Although these various concepts have significant differences, a result of the disciplines from which they emerged and the topics to which they’re applied, they are functionally comparable in that they satisfy a similar conceptual function of describing dynamic and generative interaction between two or more variables in a system.

Examples

A dual example of a predestination paradox is depicted in the classic Ancient Greek play 'Oedipus'. Laius hears a prophecy that his son will kill him and marry his wife. Fearing the prophecy, Laius pierces newborn Oedipus' feet and leaves him out to die, but a herdsman finds him and takes him away from Thebes. Oedipus, not knowing he was adopted, leaves home in fear of the same prophecy that he would kill his father and marry his mother. Laius, meanwhile, ventures out to find a solution to the Sphinx's riddle. As prophesied, Oedipus crossed paths with a wealthy man leading to a fight in which Oedipus slays him. Unbeknownst to Oedipus the man is Laius. Oedipus then defeats the Sphinx by solving a mysterious riddle to become king. He marries the widow queen Jocasta not knowing she is his mother.

A variation on the predestination paradoxes which involves information, rather than objects, traveling through time is similar to the self-fulfilling prophecy. For example, a man receives information about his own future, telling him that he will die from a heart attack. He resolves to get fit so as to avoid that fate, but in doing so overexerts himself, causing him to suffer the heart attack that kills him.

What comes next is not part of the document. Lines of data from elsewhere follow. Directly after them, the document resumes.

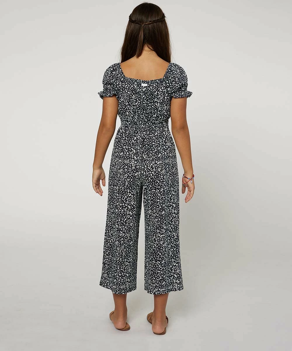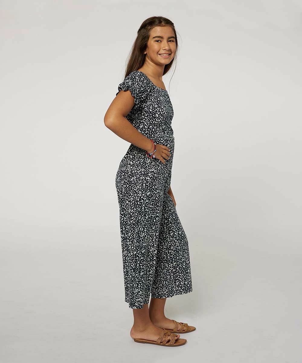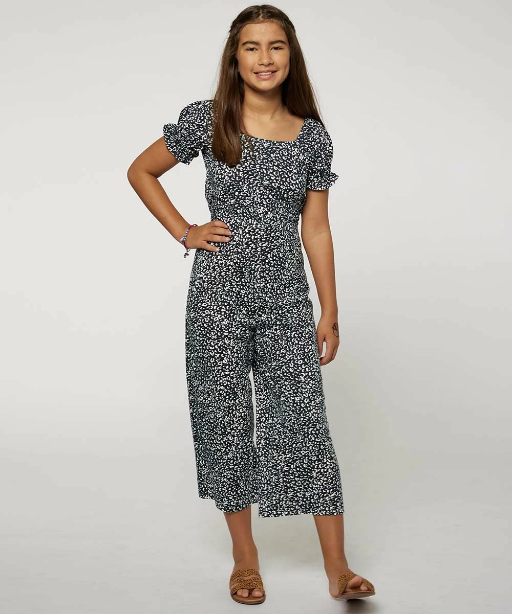 A jumpsuit featuring a cool abstract print and soft materials that make it great for all day play.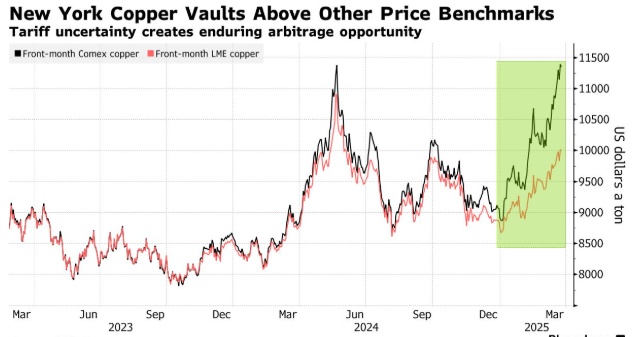 近月铜期货合约今年已经上涨了29%,美国价格和伦敦金属交易所(LME)设定的全球基准价格之间造成了前所未有的脱节。今年1月,美国铜期货价格开始飙升,高于LME铜价,在特朗普上月下令美国商务部以国家安全为由对可能征收的铜关税进行调查后,这一差距扩大至创纪录水平。周一,Comex和LME近月合约价差达到每吨逾1400美元的历史高位。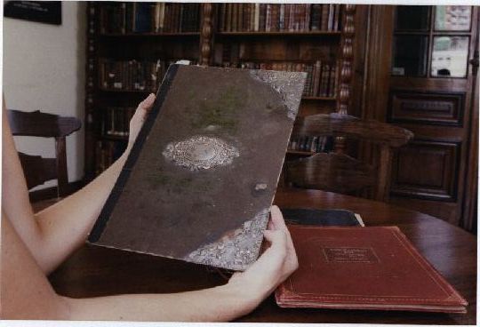 | Description: | Fotografia em cores onde é possível visualizar mão que seguram um livro com a capa danificada, livros fechados sobre uma mesa. No fundo da imagem aparem cadeiras e uma estante com livros. No verso da foto consta um adesivo da ASCOM com a seguinte informação: “Assessoria de Com. Social – UFPE; Nome: Fac. Direito; Evento/Pessoa: Acervo Livros Raros; Fotógrafo: Bárbara Wagner; 13.03.02”. |

In these examples, causality is turned on its head, as the flanking events are both causes and effects of each other, and this is where the paradox lies.

One example of a predestination paradox that is not simultaneously an ontological paradox is the following. In 1850, Bob's horse was spooked by something, and almost took Bob over a cliff, had it not been for a strange man stopping the horse. This strange man was later honored by having a statue of him erected. Two hundred years later, Bob goes back in time to sight-see, and sees someone's horse about to go over a cliff. He rushes to his aid and saves his life.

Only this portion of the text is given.